→ Work required: Leave the pictures out and write out the rest of the listing word for word.

→ Data supplied:
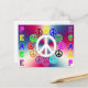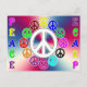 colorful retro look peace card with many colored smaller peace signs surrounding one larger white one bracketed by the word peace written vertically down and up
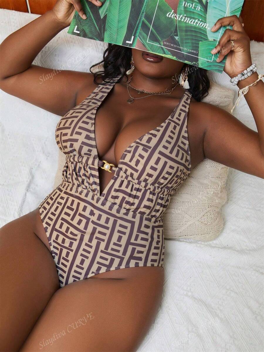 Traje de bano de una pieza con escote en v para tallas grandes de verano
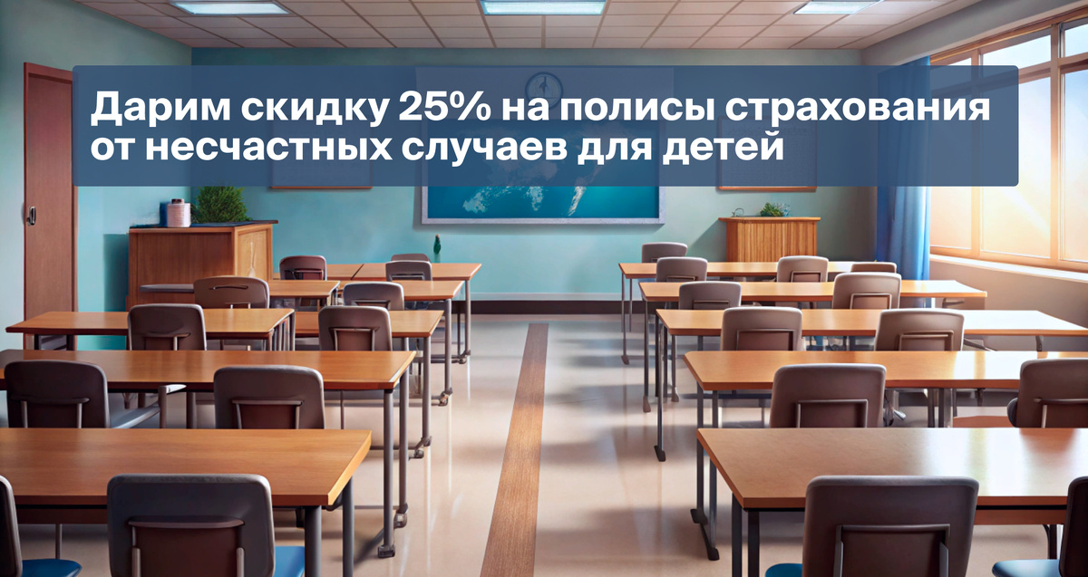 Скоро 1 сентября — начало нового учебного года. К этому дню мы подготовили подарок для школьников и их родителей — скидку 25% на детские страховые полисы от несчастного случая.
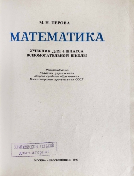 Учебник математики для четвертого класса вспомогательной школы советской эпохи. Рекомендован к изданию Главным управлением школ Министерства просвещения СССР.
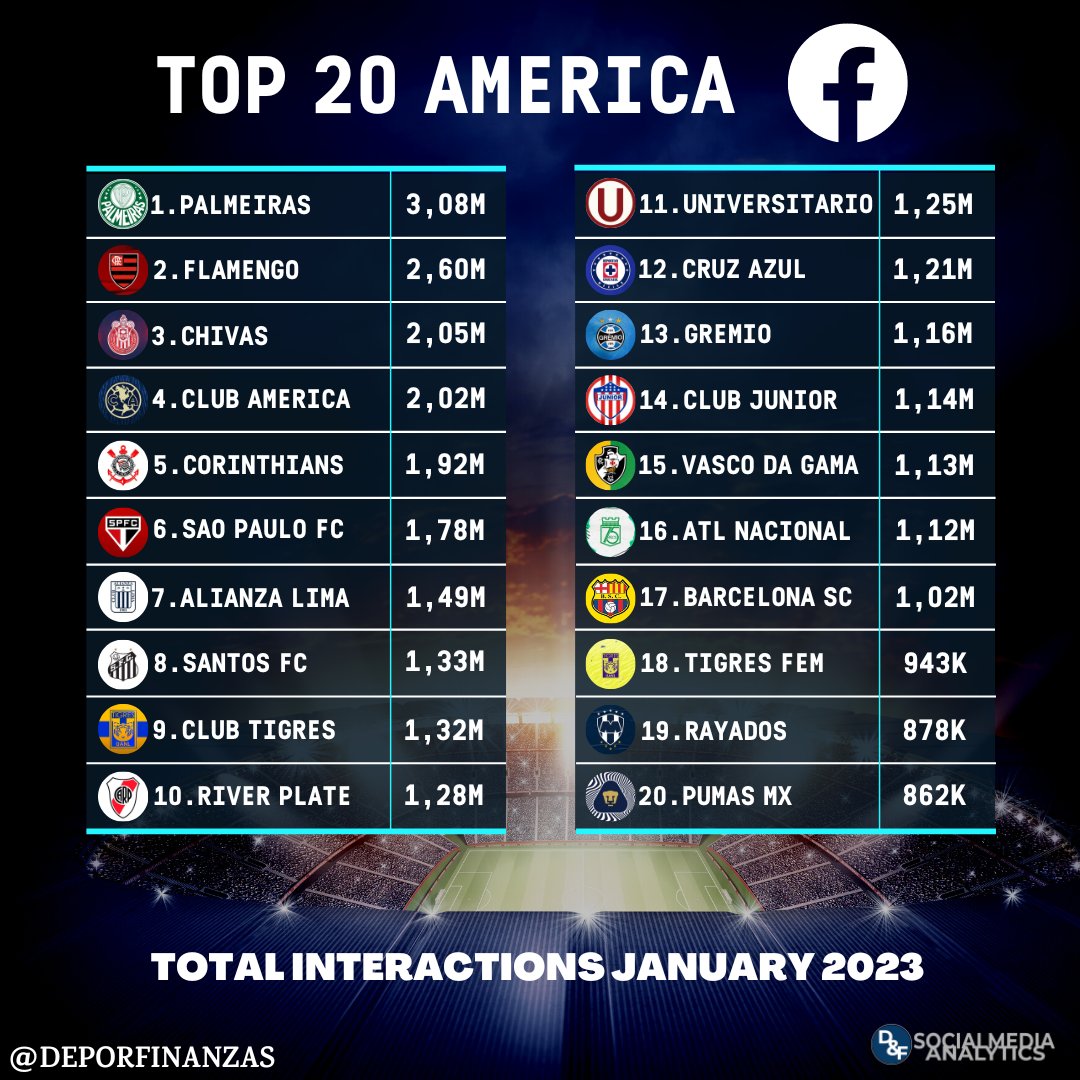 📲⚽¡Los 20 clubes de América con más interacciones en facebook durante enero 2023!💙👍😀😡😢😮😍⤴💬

→ Task solution:
 colorful retro look peace card with many colored smaller peace signs surrounding one larger white one bracketed by the word peace written vertically down and up
 Traje de bano de una pieza con escote en v para tallas grandes de verano
 Скоро 1 сентября — начало нового учебного года. К этому дню мы подготовили подарок для школьников и их родителей — скидку 25% на детские страховые полисы от несчастного случая.
 Учебник математики для четвертого класса вспомогательной школы советской эпохи. Рекомендован к изданию Главным управлением школ Министерства просвещения СССР.
 📲⚽¡Los 20 clubes de América con más interacciones en facebook durante enero 2023!💙👍😀😡😢😮😍⤴💬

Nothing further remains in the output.